West Hollywood Councilwoman Sepi Shyne is no stranger to being a “first.” She was the first LGBTQ+ Iranian-American to be elected to office and also the first woman of color to be elected to the West Hollywood City Council. Now, she’s aiming to be the first woman, the first Iranian-American and the first LGBTQ+ person to represent California’s 30th Congressional District.
Shyne immigrated to California from Iran at the age of 5, fleeing with her family during the revolution.
“Our democracy has been eroding [due] to extremism,” Shyne said. “I was 2 when the revolution happened. It was extremism that eroded freedoms for the people in Iran. Juxtaposing what happened over 40 years ago with what’s been happening in our country in the last decade, with the rise in hate toward every single community that I belong to very much compelled me to stand up and courageously run so that I can save our democracy, help people [by] passing local legislation at a federal level, and bring funding that’s desperately needed to this district.”

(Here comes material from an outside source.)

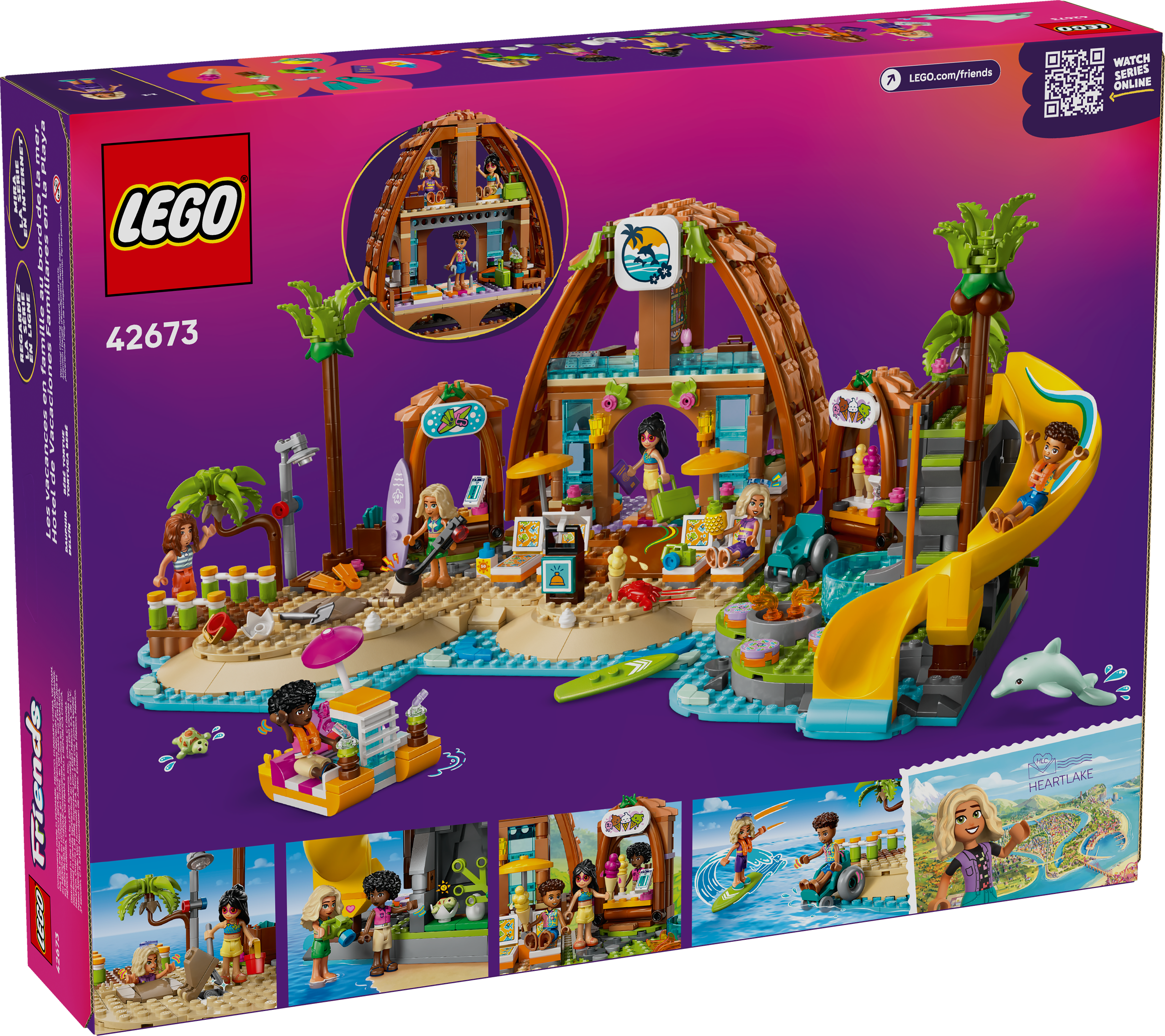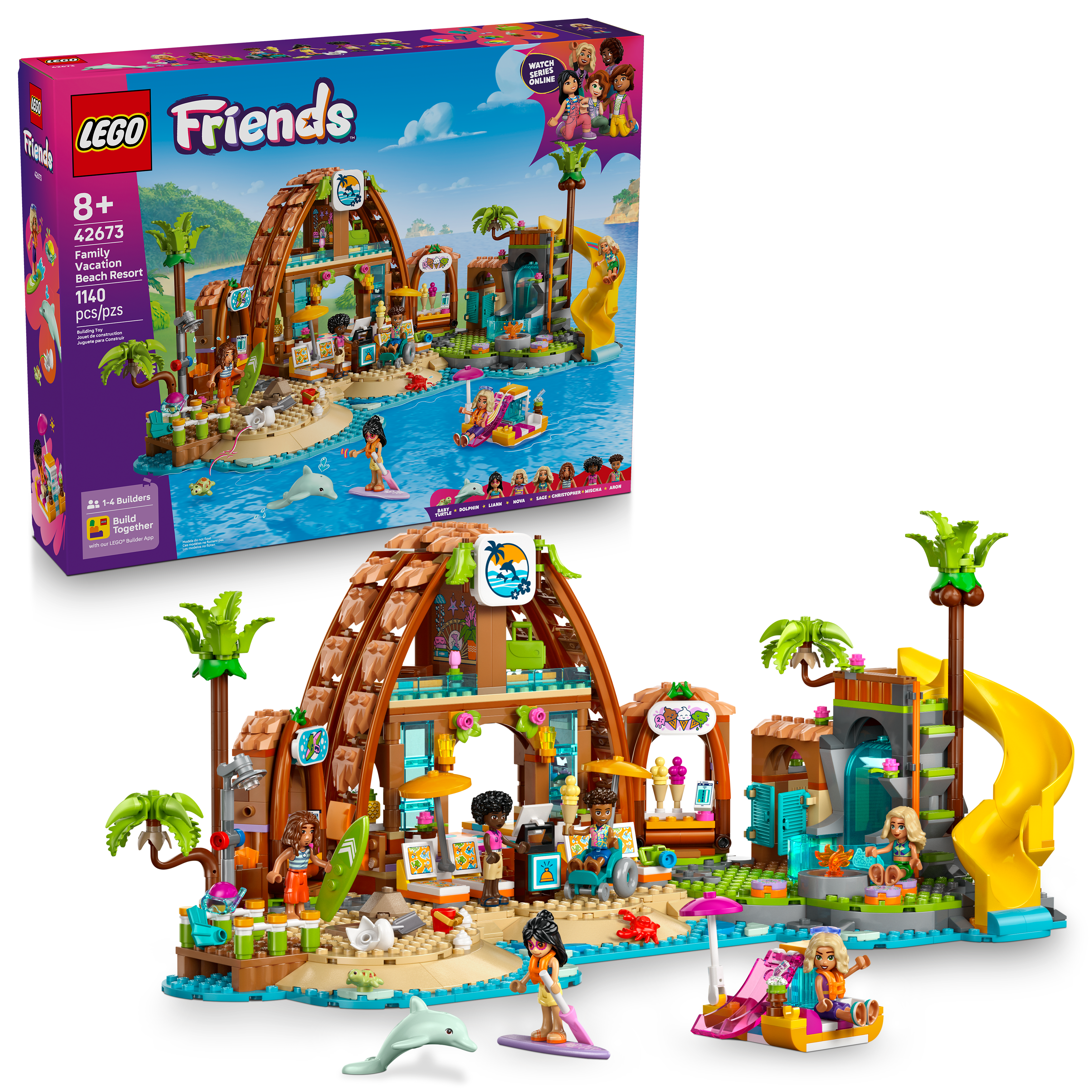 Enjoy family fun, vacation style with this action-packed kids’ building set toy for girls and boys aged 8 years old and up. The LEGO® Friends Family Vacation Beach Resort (42673) is full of stories and includes 6 LEGO Friends minidolls, a dolphin and a turtle figure, plus accessories for creative play. Build the resort, then create exciting adventures with the many beach activities and watersports packed inside. Find a coin using the metal detector accessory, then bury a character in the sand for classic beach family fun! Explore the rental shop with its fins, snorkels and surfboards. Find the turtle’s hidden cave, then try out the slide or visit the ice cream stand before relaxing by the firepit. The storytelling continues inside where there’s a bedroom and bathroom. Discover more creative toys (sold separately) in the LEGO Friends universe. Build Together with friends and family – the LEGO Builder app offers a fun and collaborative experience when building this set.

Raised in Santa Clara Valley, she holds a bachelor of science degree from San Jose State University and a juris doctor degree from the Golden Gate University School of Law. After obtaining her degrees, she relocated to Los Angeles and landed in West Hollywood. She operates two small businesses, one of which is a solo practice concentrating on trademarks and business law. On the other end of the spectrum is Soulillume, an alternative healing company. In addition to her legal and political work, Shyne is a Reiki master intuitive guide.
Looking at the potential of entering the United States House of Representatives, currently in Republican control and plagued with divisiveness, Shyne thinks that the bridge for compromise and substantive change starts with conversations.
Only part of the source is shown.